Lucy ayuda a la muchacha de ojos negros a levantarse, camina con ella alrededor del claro, le quita el cabello de los ojos. Los pájaros del bosque abandonaron el claro y, con sus canciones deliberadamente ausentes, sus pisadas son los únicos sonidos cercanos: los de Lucy, firmes y pacientes, los de la muchacha de ojos negros, inexpertos y débiles. Están en la séptima vuelta cuando la muchacha de ojos negros cae hacia adelante. Se le oprime el pecho. Otra vez, se siente como si la hubieran sumergido en el agua. Los vistazos de cielo azul se reemplazan por un verde brillante y celestial. Un estallido de truenos. El sonido distante del tráfico de una ciudad: cláxones de carros, alarmas de sirenas.
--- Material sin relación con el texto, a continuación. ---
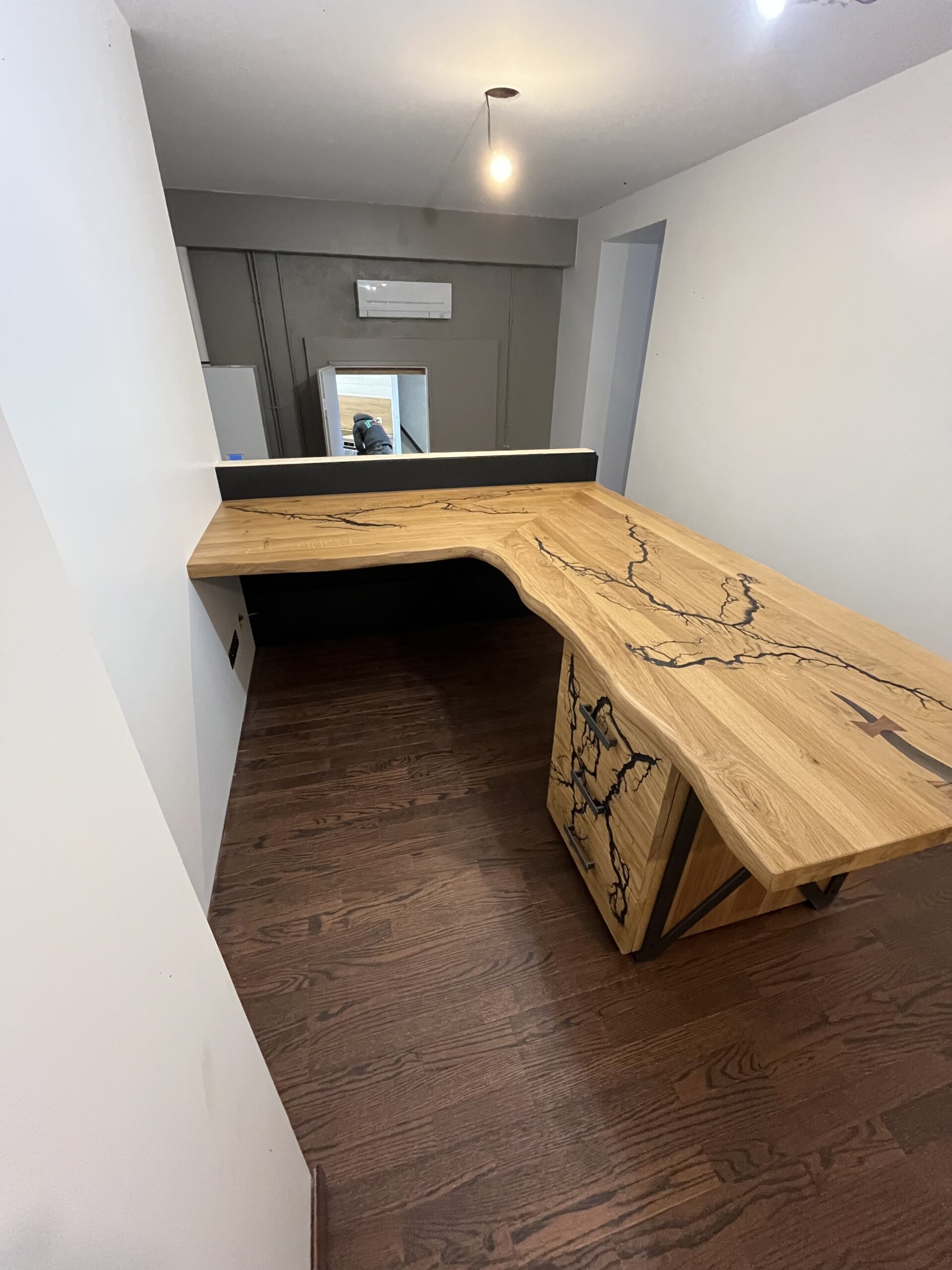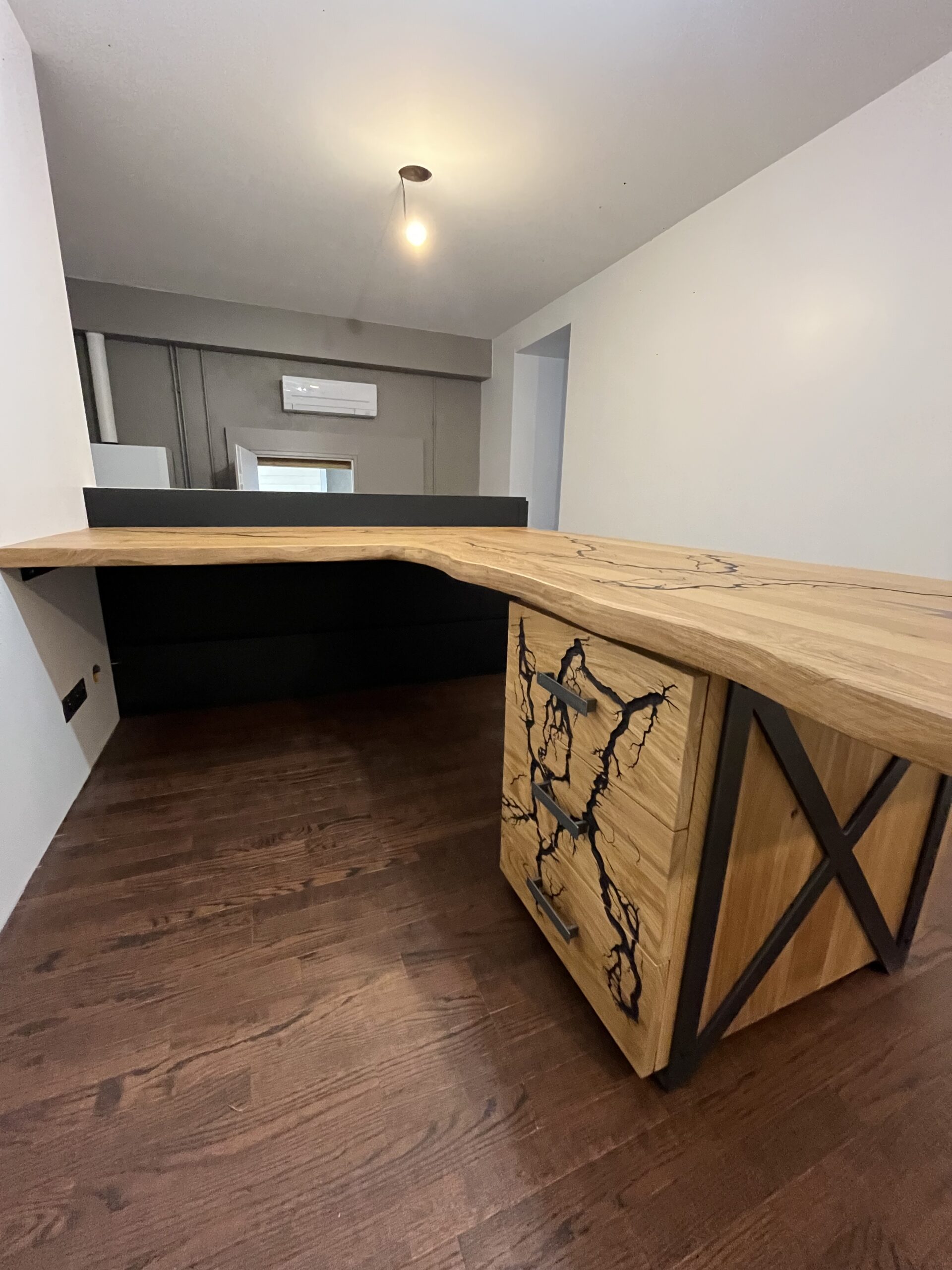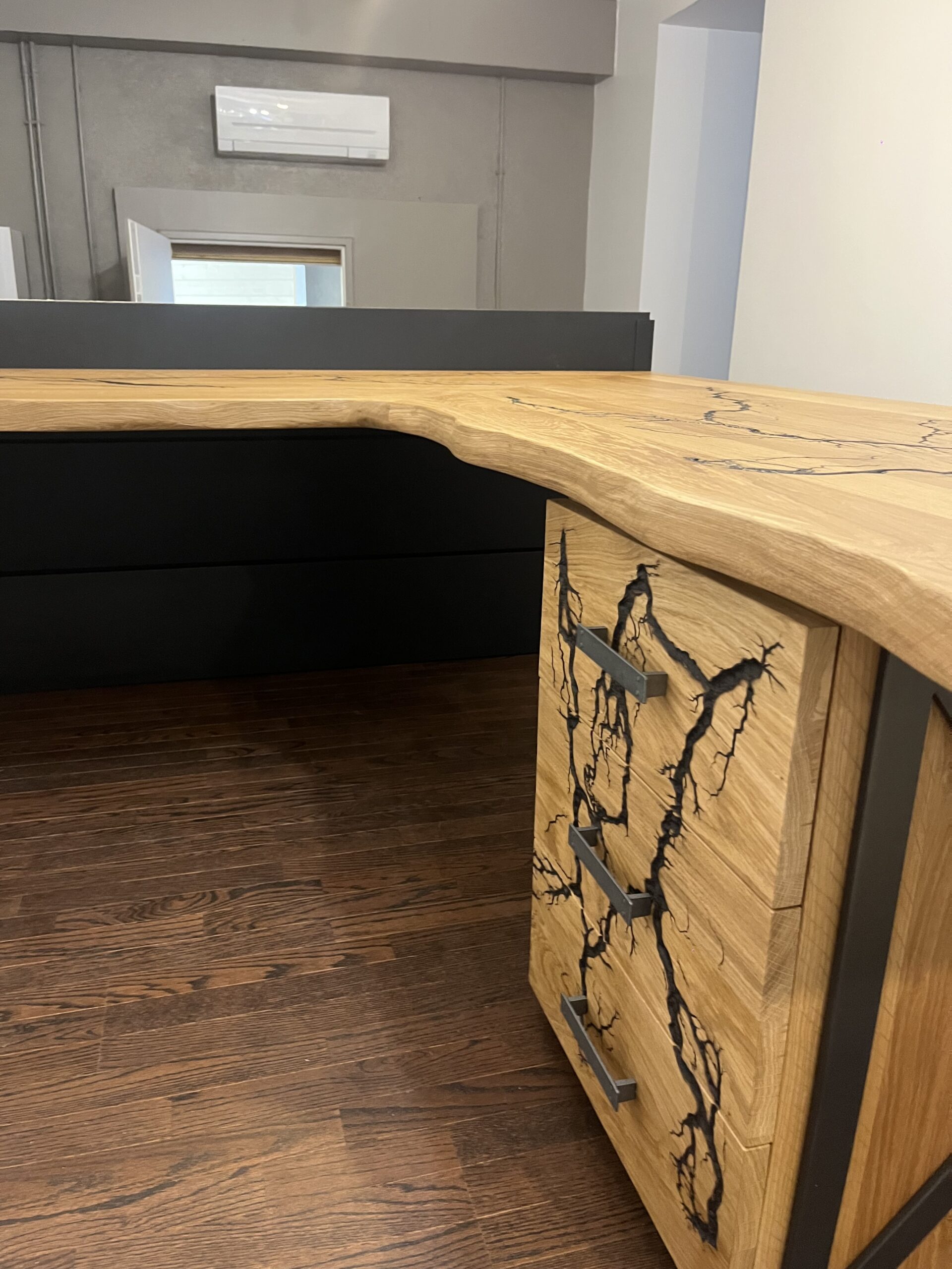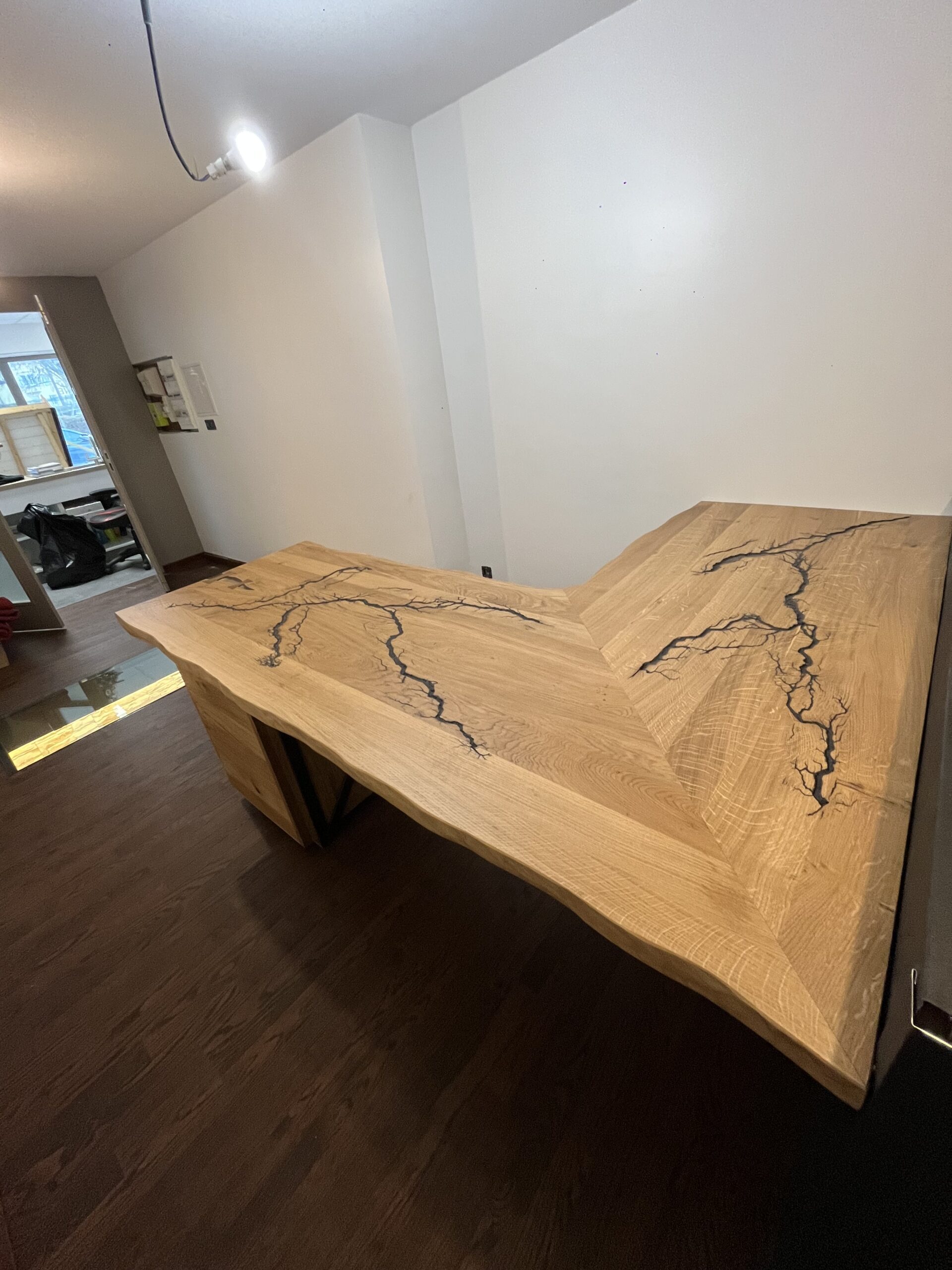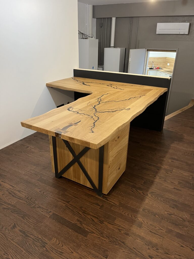 Bureau d’angle en chêne massif – Brûlure électrique & métal

La muchacha de ojos negros se ríe y su propia voz es más aguda de lo que habría imaginado. Levanta la barbilla y ve un cielo iluminado por la luz de las estrellas.
Después, la escena desaparece y la muchacha de ojos negros está de vuelta en el claro, consciente de sus pechos, una chispa bajo el estómago. Una nueva especie de deseo, urgente y profundo. Un hambre que empieza en su entrepierna y se eleva hacia arriba: la orden de tomar todo lo que desea. De extraer sangre de sus dedos y succionar la médula de los huesos. De mordisquear lóbulos de orejas, lamer el sudor de la piel. De devorar.
Lucy se queda inmóvil donde está, incapaz de ocultar su ansiedad.
—Hola —dice la muchacha de ojos negros mientras se lame los labios húmedos.